A CIP catalogue record for this title is available from the British Library.
To Baba Yaga, my own feeble but beloved hound.
To my in-laws, George and Stephanie, whose ridiculously low estimation of what they should charge me in rent financed this book.
To the readers and fans who supported book 1. Thank you. I’ll keep churning out adventures if you keep reading ’em.
THE ADVENTURE OF THE BLACKENED BERYLS
“MADAM, SURRENDER YOUR POSIES!”
I raised my voice and brandished my cane as I said it, as if to proclaim, “I am John Watson! A doctor! A man of worth and station! Would you dare to refuse me my desire? Would you?”
My flower-girl opponent was unimpressed. She raised an eyebrow, stuck out a hip and laughed. “I’ll surrender more than that, guv’na.”
“No. I don’t want more than that. I thought I made it especially clear. I want your flowers.”
“Yeah… me flowers…”
“No! Well… yes… but from your tone I can tell that we are still discussing two very different transactions. Honestly, I want the actual flowers. Those blooms. Those posies. Those colorful things you are holding in your left hand that grew on the tops of plants. That is what I want. How can I be more clear?”
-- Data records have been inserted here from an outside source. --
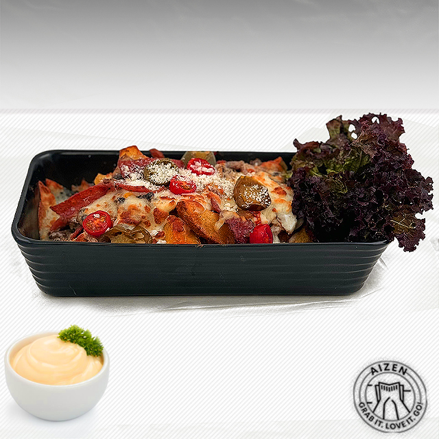 فرنچ فرایز، ادویه مخصوص سیب زمینی، ژامبون بیکن، پنیر پیتزا، سس دیپ چدار
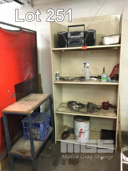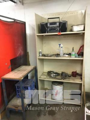STEEL SHELF UNIT, 2200 x 900mm & CONTENTS 20 LITRE FUCHS RENOLIT EP2 GREASE & VARIOUS STAINLESS STEEL HARDWARE WITH SMALL WORK BENCH
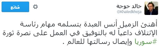 وهنَّأ خالد خوجة المنتهية ولايته الرئيس الجديد للائتلاف، في تغريدة له عبر حسابه الرسمي على موقع التواصل الاجتماعي “تويتر” قائلاً: “أهنئ الزميل أنس العبدة بتسلمه مهام رئاسة الائتلاف، داعيًا له بالتوفق في العمل على نصرة ثورة سوريا، وإيصال رسالتها للعالم”.
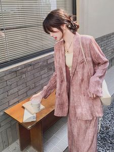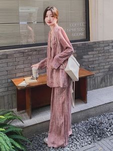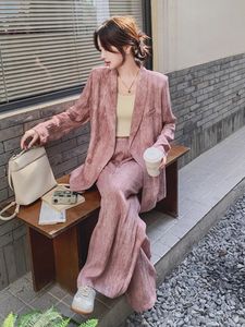 2025春秋季新款韩版气质通勤扎染设计感西装外套阔腿裤时尚套装女
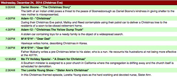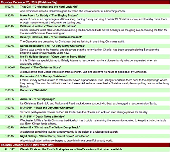 MeTV Network's classic programming specials for the Holiday Season include classic TV Christmas episodes from Adam-12, M*A*S*H, That Girl, Petticoat Junction, The Donna Reed Show and more -- plus classic first episodes on New Year's Day.
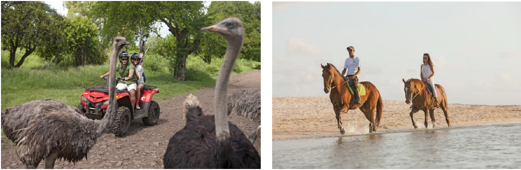 Der Reitsport hat auf Mauritius eine lange Tradition, immerhin befindet sich die zweitälteste Pferderennbahn der Welt auf der Insel. Sieben Reitställe bieten Pferdefreunden die Möglichkeit zu begleiteten Wanderritten in kleinen und individuellen Gruppen. Im Schritt oder Trab geht es entlang von Klippen und Küsten, vorbei an imposanten Wasserfällen bis hin zu paradiesischen Stränden. Dort können sich Pferd und Reiter gemeinsam im kühlen Nass erfrischen.
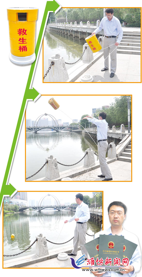 李迪說,當(dāng)時他在老家高密上班,看到這件事后他很感動,就經(jīng)常到一些公園尋找靈感。他發(fā)現(xiàn),一般市內(nèi)的水域旁邊除了垃圾桶,別的公共設(shè)施非常少,因此他決定發(fā)明一種可以救生的垃圾桶!鞍丫壬髯龀衫坝泻芏嗪锰帲綍r可以收集垃圾,當(dāng)遇到落水者時,就可以變身為救生工具,而且不易丟失。”李迪說。
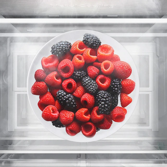 Підтримуйте оптимальну температуру всередині холодильника, щоб продукти залишалися свіжими, навіть якщо ви часто відкриваєте та закриваєте дверцята. Металева охолоджувальна пластина, полиця та повітропровід утримують холод із повітря та допомагають відновити будь-яку втрату тепла.
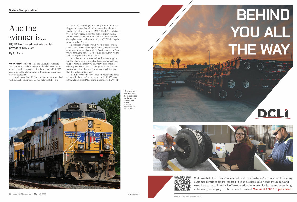 Union Pacific Railroad( UP) and J. B. Hunt Transport Services were voted the top railroad and domestic intermodal provider, respectively, for the second half of 2025, according to the latest Journal of Commerce Intermodal Service Scorecard.
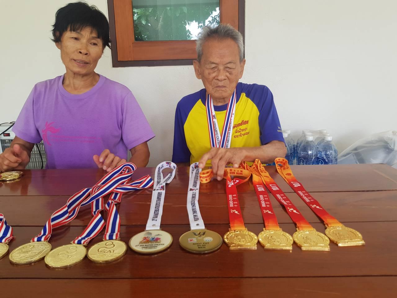 บุตรสาวที่คอยดูแลปู่สว่าง กล่าวต่อว่า ส่วนการลงแข่งขันตามที่มีการแข่งขันก็ส่งคุณพ่อไปวิ่ง เคยไปวิ่งแข่งขันที่ต่างประเทศ 2 ประเทศ คือ ประเทศจีน กับประเทศมาเลเซีย ลงแข่งขันในรุ่นอายุ 90 ขึ้นไป กีฬาวิ่ง ทุ่มน้ำหนัก พุ่งแหลน ขว้างจักร ลงทั้งหมด 4 ประเภท ได้เหรียญทองทุกครั้งที่ลงแข่งขัน
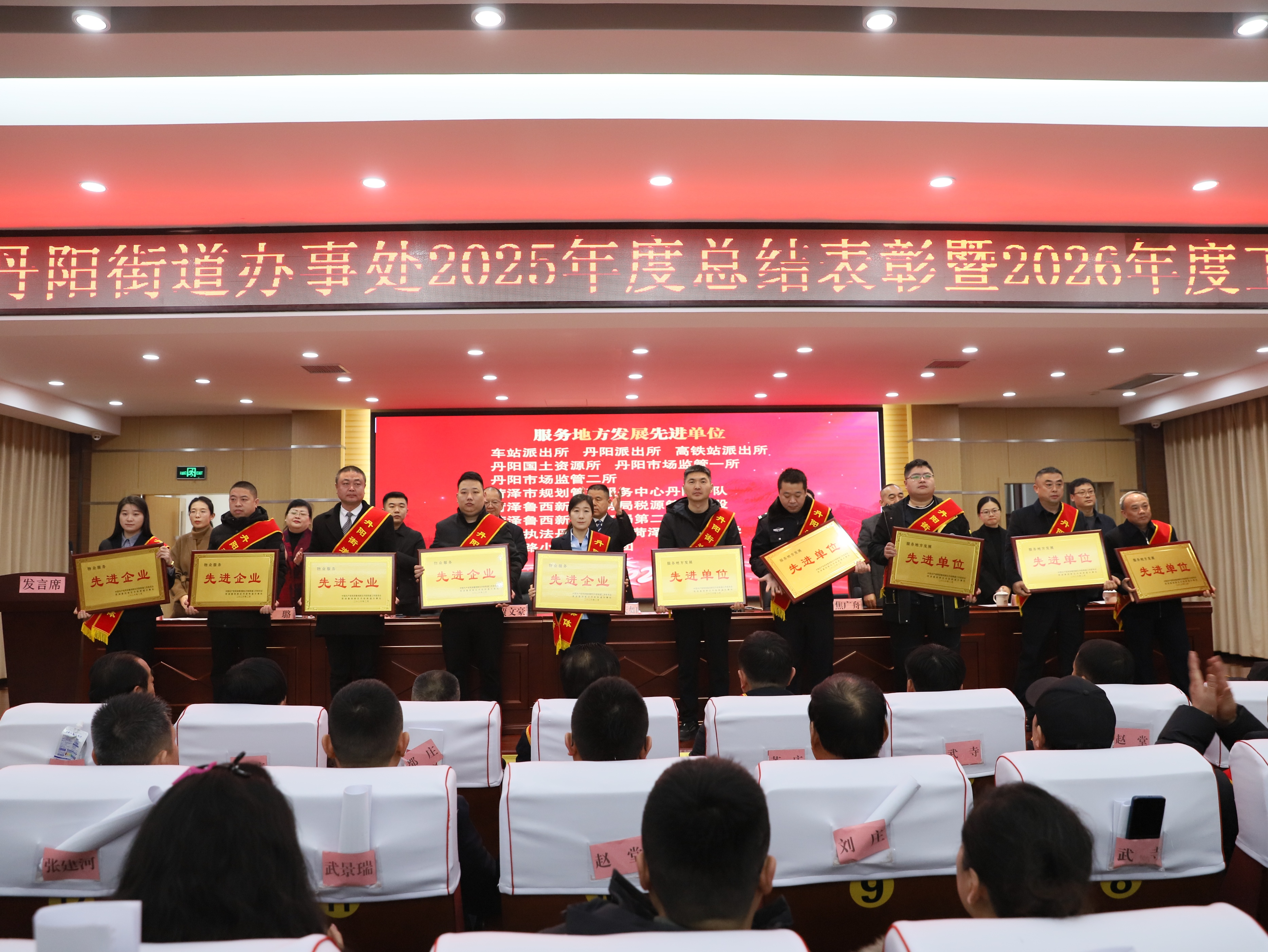 2月8日上午,菏泽鲁西新区丹阳街道隆重召开2025年度总结表彰暨2026年度工作部署会。会议全面回顾2025年经济社会发展成就,表彰先进典型,部署2026年重点工作,进一步凝聚全处上下干事创业合力,为“十五五”规划开局起步筑牢基础。会议由菏泽鲁西新区教育体育服务中心主任、丹阳街道党工委书记王庆如主持,街道副科级以上干部、区派驻单位负责人、各社区书记、辖区企事业单位负责人及受表彰先进代表等参加会议。
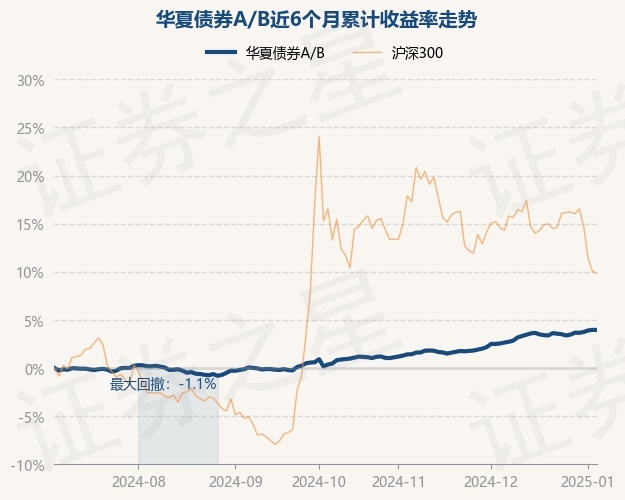 证券之星消息,1月6日,华夏债券A/B最新单位净值为1.3934元,累计净值为2.3284元,较前一交易日上涨0.0%。历史数据显示该基金近1个月上涨1.2%,近3个月上涨3.34%,近6个月上涨3.96%,近1年上涨6.43%。该基金近6个月的累计收益率走势如下图:
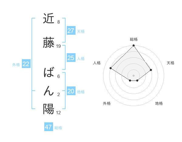 近藤 ばん陽さんを姓名の画数から五運を鑑定
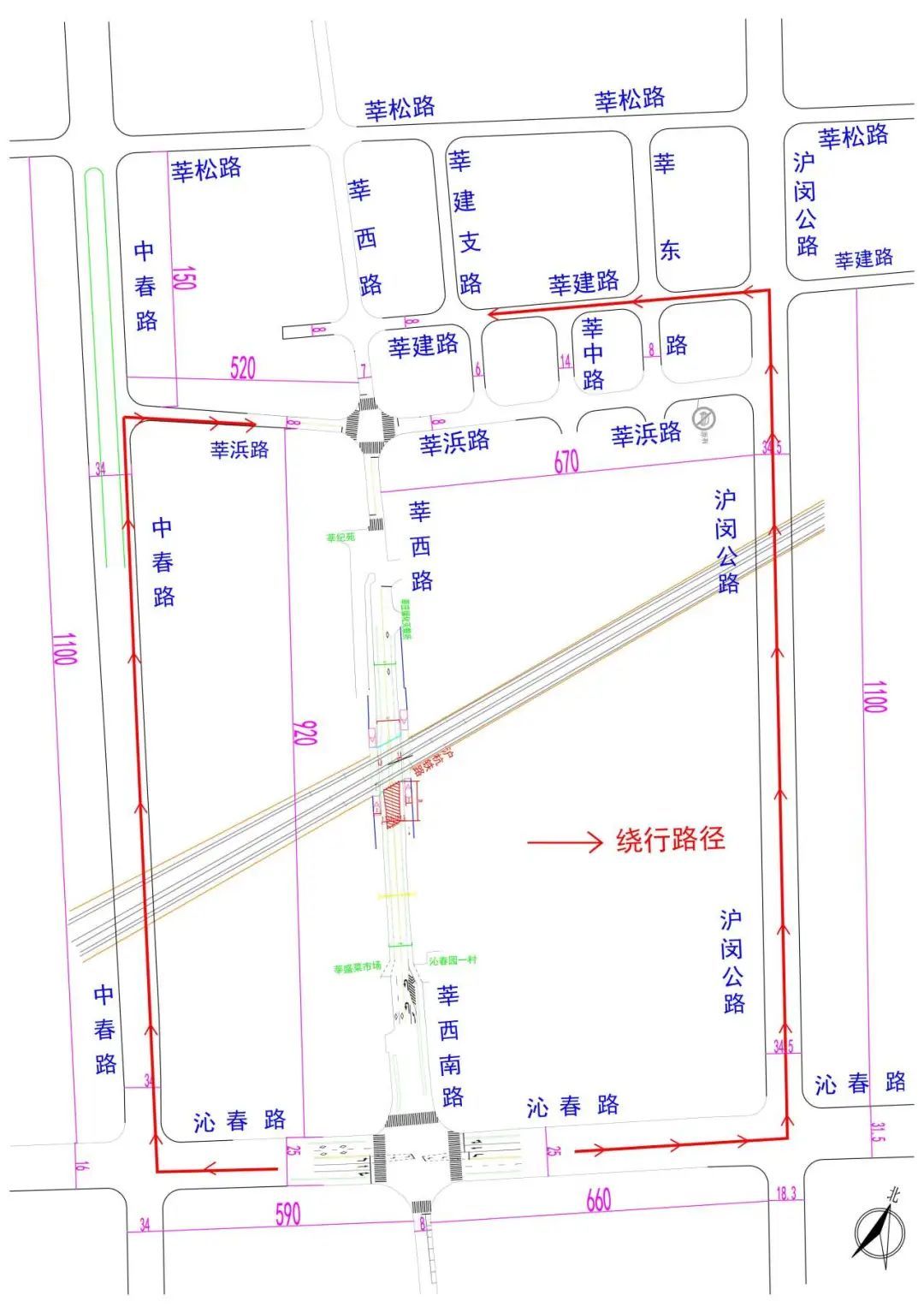 施工期间,莘西南路下穿地道受施工和道路条件限制,采取北向南单向通行管理措施,南向北机动车需通过沁春路—沪闵公路—莘建路或沁春路—中春路—莘浜路等周边路网绕行。请广大市民出行时合理选择路线并提前安排出门时间,尽量避免上述区域,途经施工区域时,注意施工区域设置的引导、提示等相关标志信息,确保通行安全。

“What, these?” she asked, pointing at the battered bouquet.
“Yes! Thank God, yes.”
“But… you just gave me two shillings.”
“I know.”
“Nobody pays two shillings for a handful of dead posies.”
“I did! Or anyway, I am certainly trying to.”
“No. Didn’t you realize what we was talking about?” she asked, pointing at her lap.
“I never was! This conversation has always regarded actual, real, in no way double-entendre-fied flowers! Now hand them over, if you please.”
“No!”
“Why the hell not?” I howled. A few heads turned. I drew forth my handkerchief, wiped some of the frustration sweat from my brow and tried again. “I apologize for my language, madam. But… why not?”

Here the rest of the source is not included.